_ASSIGNED TASK:_ If the records below hold pictures, omit them, and print exactly the lines from the first line through the line containing "Michele Deco 18k", inclusive.

>>>>>

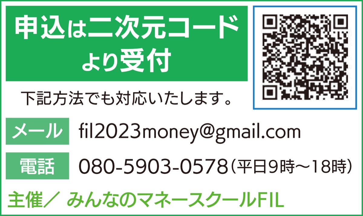定員は各日6人(20歳以上)。筆記用具を持参。講師は業界歴18年の岩下剛さん、同13年の小川亜紀子さん、同12年の石川直人さん、同9年の松本美紀さん。講師は各日2人。「お金に関わる不安や悩みの解決に、セカンドオピニオンとしても活用してもらえたら」と岩下さん。参加者にはお茶、菓子付き。参加申込は応募方法に記載の二次元コードから。個別相談にも対応、まずは問い合わせを。
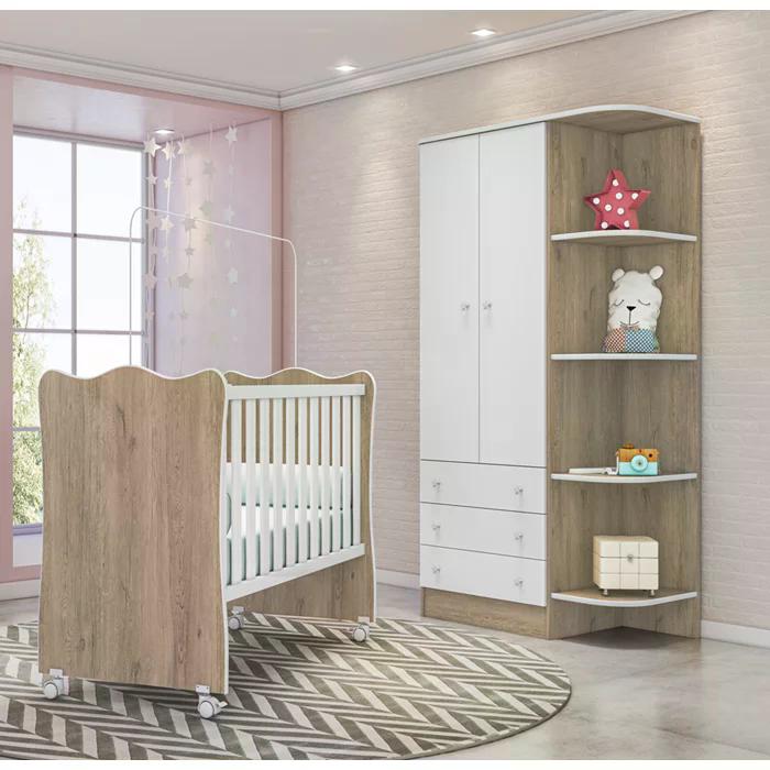 Jogo de quarto infantil, com um design lindo e sofisticado, deixando o ambiente ainda mais moderno e aconchegante. Estrutura em MDP de 15mm e 12mm, feito com material ecológicamente correto, para melhor durabilidade e resistência às peças, pintura atóxica livre de materiais pesados, e excelente acabamento UV (Brilho). Composto por portas de bater com dobradiças metálicas, cabideiro oblongo metálico, ótima divisão interna para roupas, gavetas externas com corrediças metálicas, puxadores em plástico com formato de estrela, bordas arredondadas em perfil PVC, cantoneira, prateleiras para melhor organização, estrado do berço em MDF de 6mm com altura regulável em três opções: 1ª: 35cm 2ª: 48cm e 3ª: 61cm, travessas em MDF de 25mm, suporte para mosquiteiro, 04 rodízios de plástico, sendo 02 com trava de segurança e 02 sem trava de segurança, e sistema anti-tombamento para evitar riscos de acidentes. O berço é certificado pelo InMetro, e o colchão indicado é de 130x60. Mais produtos da linha infantil Doce Sonho, você encontra em nosso site, podendo fazer a composição completa para o quarto do seu (sua) filho (a). Estes móveis chegarão em sua casa separados em 05 volumes.
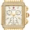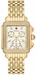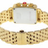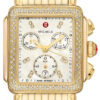Michele Deco 18k Gold Diamond Women’s Watch MWW06A000777. This 33mm x 35mm watch features an 18k yellow gold plated case and bracelet with a diamond-set bezel. The white Mother of Pearl dial has diamond hour markers, a chronograph feature and a date window displayed at 6 o’clock. It is powered by a battery-operated quartz movement.
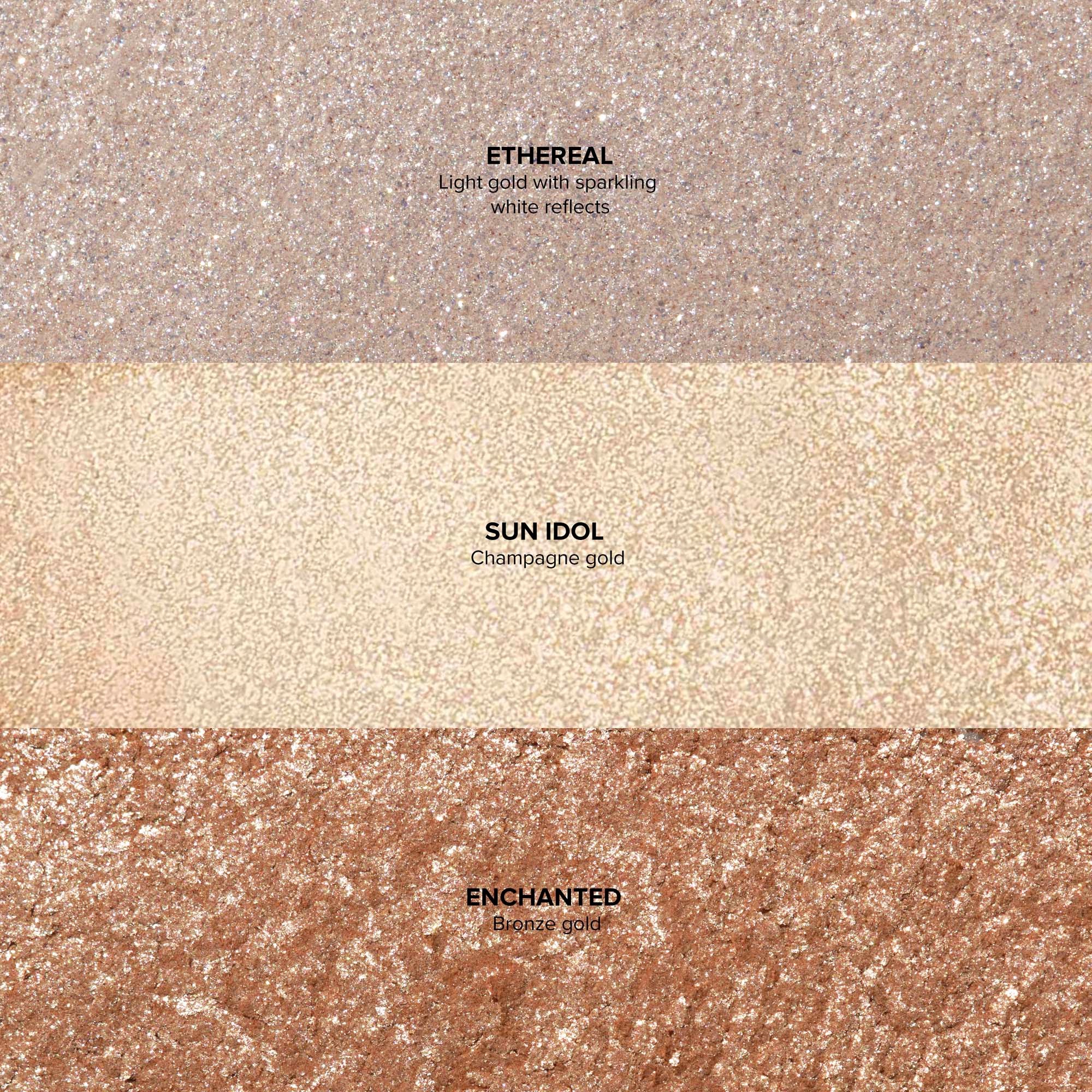 Glow Seeker HighlighterAnastasia Beverly Hills Glow Seeker Highlighter to rozświetlacz, który pasuje do wszystkich odcieni skóry i zapewnia efekt wow. Dzięki unikalnej formule żelowego pudru daje wielowymiarowy efekt dewy, łącząc blask płynnego rozświetlacza z lekkością pudru. Odcień Sun Idol jest uniwersalny i pozwala budować intensywność, podkreślając piękno skóry od subtelnego blasku po pełny efekt złotej szampana. Glow Seeker Highlighter można używać na twarzy, ciele, powiekach i ustach. Dlaczego go pokochasz: – Wielowymiarowy puder z efektem glow.- Ultralekka formuła wtapia się w skórę.- Możliwość budowania intensywności.- Uniwersalny odcień dla wszystkich odcieni skóry.- Ultrabłyszcząca formuła z efektem dewy.- Łatwy w aplikacji, można używać na twarz, powieki, ciało i usta.- Prasowany puder pozwala nabrać idealną ilość produktu.- Luksusowe opakowanie w kolorze różowego złota z lusterkiem w pokrywce.- Można używać na sucho lub z wilgotnym pędzlem.- Bez talku, zapachu i parabenów.- Wegański i cruelty-free.Odcienie:ETHEREAL: Jasne złoto z migoczącymi białymi refleksamiSUN IDOL: Złota szampanENCHANTED: Brązowe złotoSposób użycia:Delikatnie przesuń pędzlem A23 Pro Brush po Glow Seeker Highlighter, aby nabrać produkt.Nałóż rozświetlacz na wybrane obszary, takie jak górne kości policzkowe, grzbiet i czubek nosa, łuk kupidyna i obojczyk.Dla mocniejszego efektu nałóż kolejne warstwy, aby uzyskać pożądaną intensywność.PRO TIP:Użyj płaskiej strony pędzla Anastasia A23 Pro Brush, aby nałożyć produkt, a końcówki pędzla, aby go rozblendować. Spryskaj pędzel A23 Pro Brush sprayem Dewy Set Setting Spray, aby uzyskać bardziej intensywne wykończenie. Nałóż rozświetlacz na powieki, aby uzyskać promienny look.
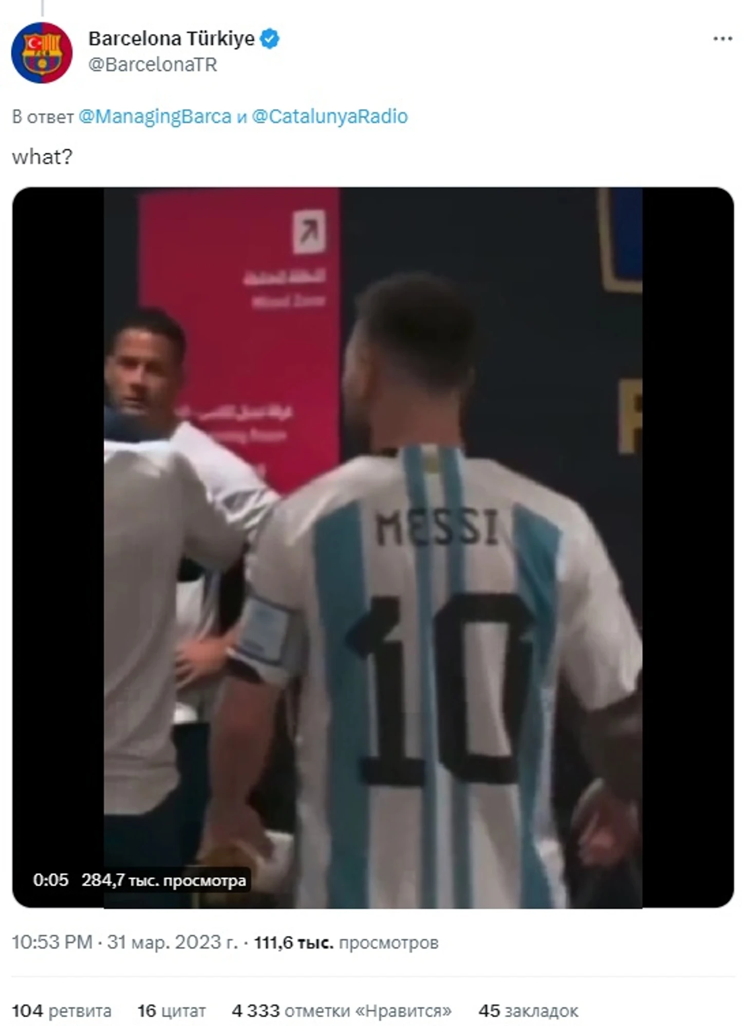 Турецкий аккаунт «Барселоны» тоже решил опровергнуть утверждение каталонского радио, опубликовав видео встречи Дембеле и Месси в подтрибунном помещении:
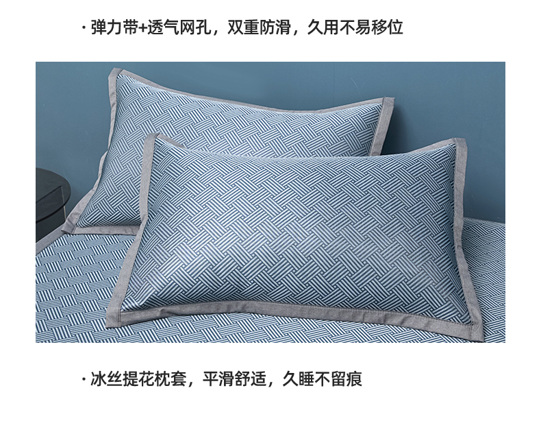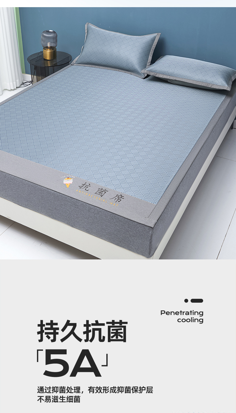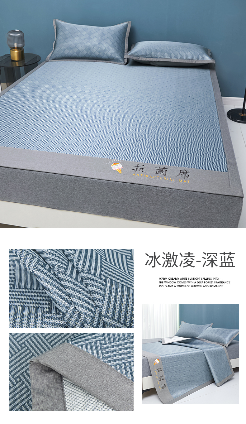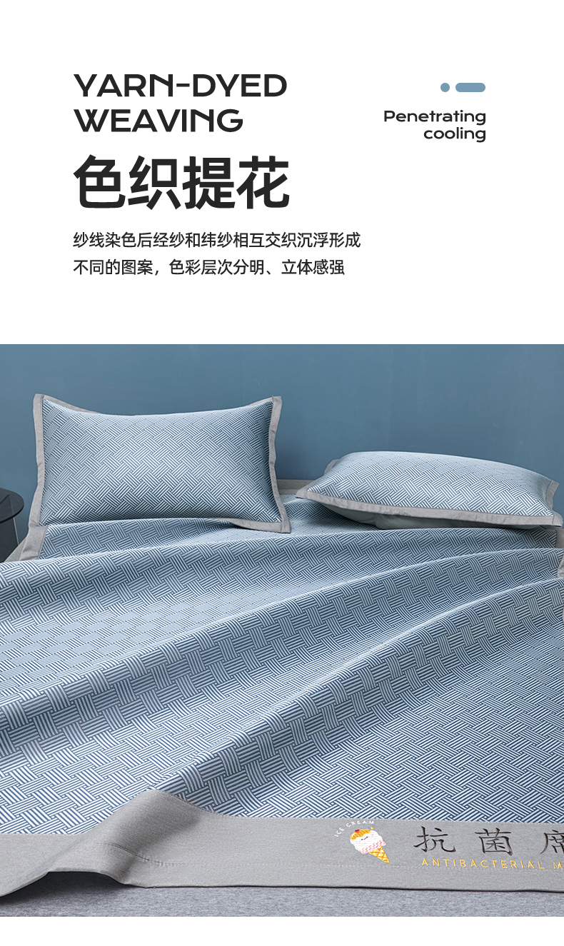 商品名称:色鬼布艺高端家居主号 2026新款抗菌冰激凌色织提花床单款床席冰丝席席子凉席 冰激凌-深蓝
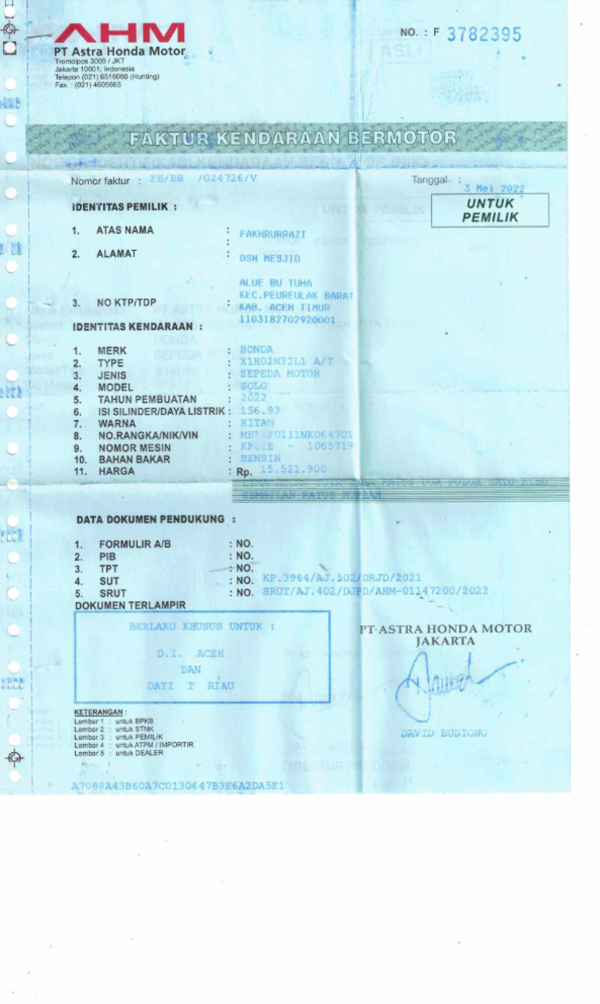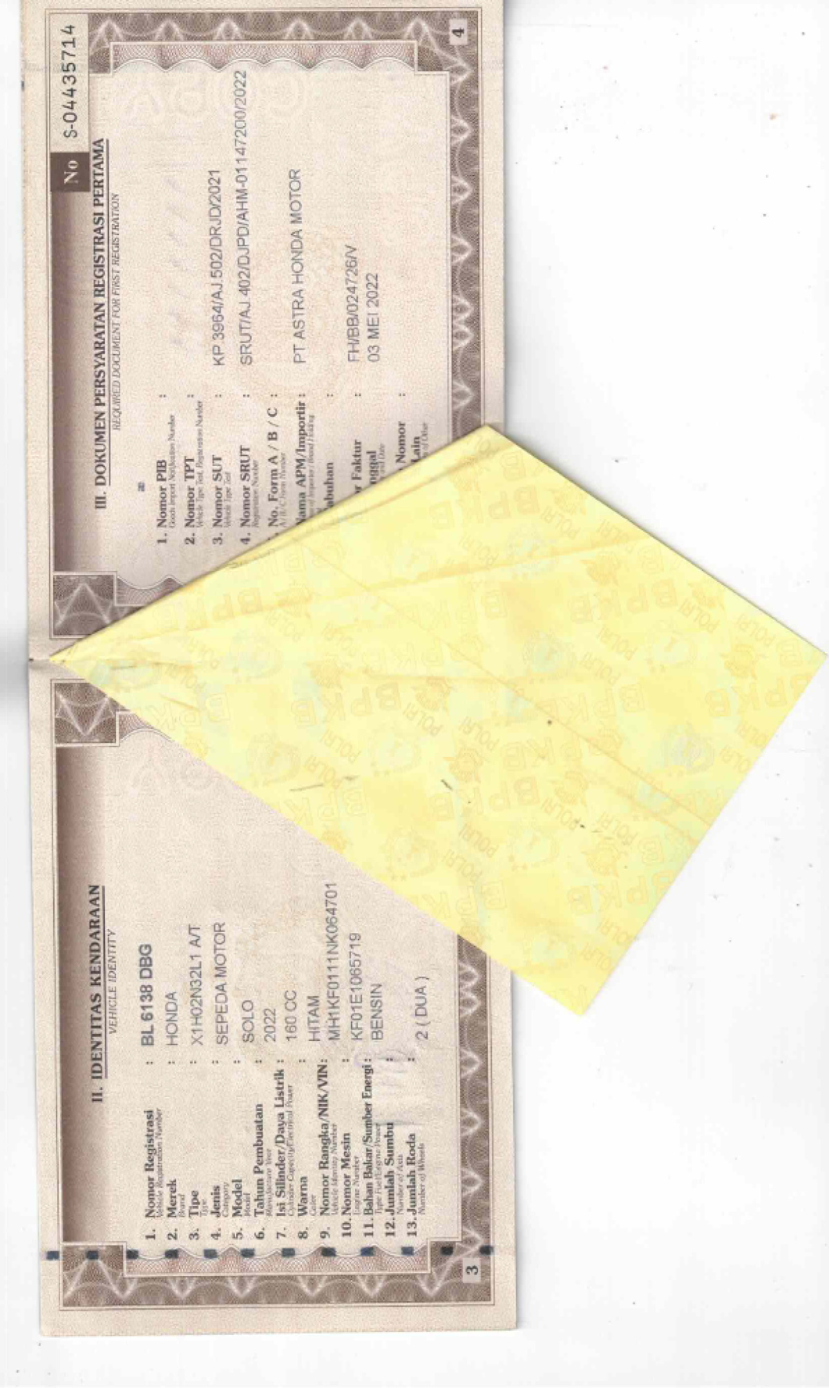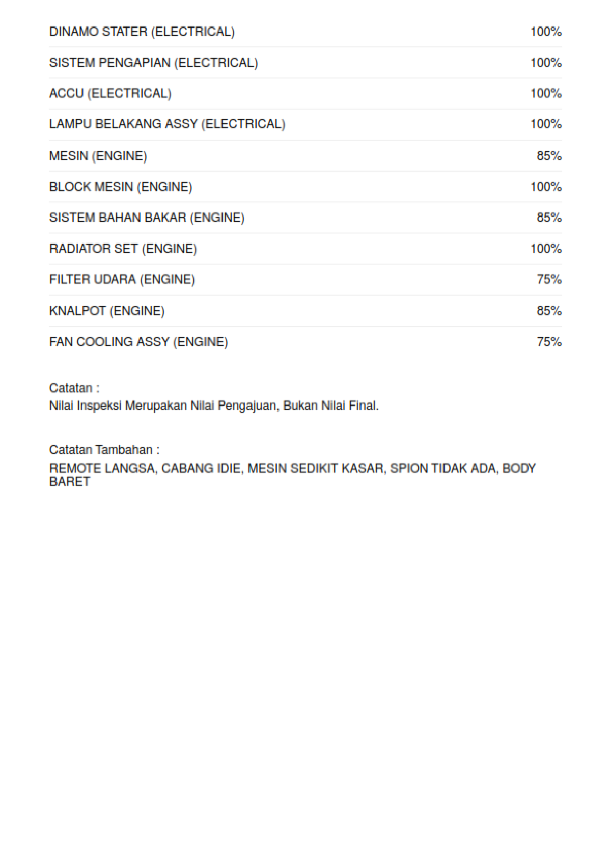 KM 65.776, MESIN SEDIKIT KASAR, SPION TIDAK ADA, BODY BARET// UNIT TIDAK DILAKUKAN PENGECEKAN OLEH TIM SMARTBID// SEBELUM MELAKUKAN PENAWARAN HARAP CEK KONDISI UNIT DAN DOKUMEN TERLEBIH DAHULU// WAJIB MENGHUBUNGI PIC DAN DATANG KE LOKASI UNTUK PENGECEKAN UNIT// UNIT DILELANG APA ADANYA PERMASALAHAN YANG TIMBUL DILUAR TANGGUNG JAWAB SMARTBID// JIKA INGIN MENGAMBIL UNIT HARAP UNTUK KONFIRMASI DAHULU KE SMARTBID // JIKA YANG MENGAMBIL BIDDER HARAP MEMBAWA KTP ASLI// PENGAMBILAN UNIT H+2 HARI KERJA SETELAH PELUNASAN// FOTO NOKA DAN NOSIN TA//

<<<<<

_ANSWER TO THIS TASK:_
定員は各日6人(20歳以上)。筆記用具を持参。講師は業界歴18年の岩下剛さん、同13年の小川亜紀子さん、同12年の石川直人さん、同9年の松本美紀さん。講師は各日2人。「お金に関わる不安や悩みの解決に、セカンドオピニオンとしても活用してもらえたら」と岩下さん。参加者にはお茶、菓子付き。参加申込は応募方法に記載の二次元コードから。個別相談にも対応、まずは問い合わせを。
 Jogo de quarto infantil, com um design lindo e sofisticado, deixando o ambiente ainda mais moderno e aconchegante. Estrutura em MDP de 15mm e 12mm, feito com material ecológicamente correto, para melhor durabilidade e resistência às peças, pintura atóxica livre de materiais pesados, e excelente acabamento UV (Brilho). Composto por portas de bater com dobradiças metálicas, cabideiro oblongo metálico, ótima divisão interna para roupas, gavetas externas com corrediças metálicas, puxadores em plástico com formato de estrela, bordas arredondadas em perfil PVC, cantoneira, prateleiras para melhor organização, estrado do berço em MDF de 6mm com altura regulável em três opções: 1ª: 35cm 2ª: 48cm e 3ª: 61cm, travessas em MDF de 25mm, suporte para mosquiteiro, 04 rodízios de plástico, sendo 02 com trava de segurança e 02 sem trava de segurança, e sistema anti-tombamento para evitar riscos de acidentes. O berço é certificado pelo InMetro, e o colchão indicado é de 130x60. Mais produtos da linha infantil Doce Sonho, você encontra em nosso site, podendo fazer a composição completa para o quarto do seu (sua) filho (a). Estes móveis chegarão em sua casa separados em 05 volumes.
Michele Deco 18k Gold Diamond Women’s Watch MWW06A000777. This 33mm x 35mm watch features an 18k yellow gold plated case and bracelet with a diamond-set bezel. The white Mother of Pearl dial has diamond hour markers, a chronograph feature and a date window displayed at 6 o’clock. It is powered by a battery-operated quartz movement.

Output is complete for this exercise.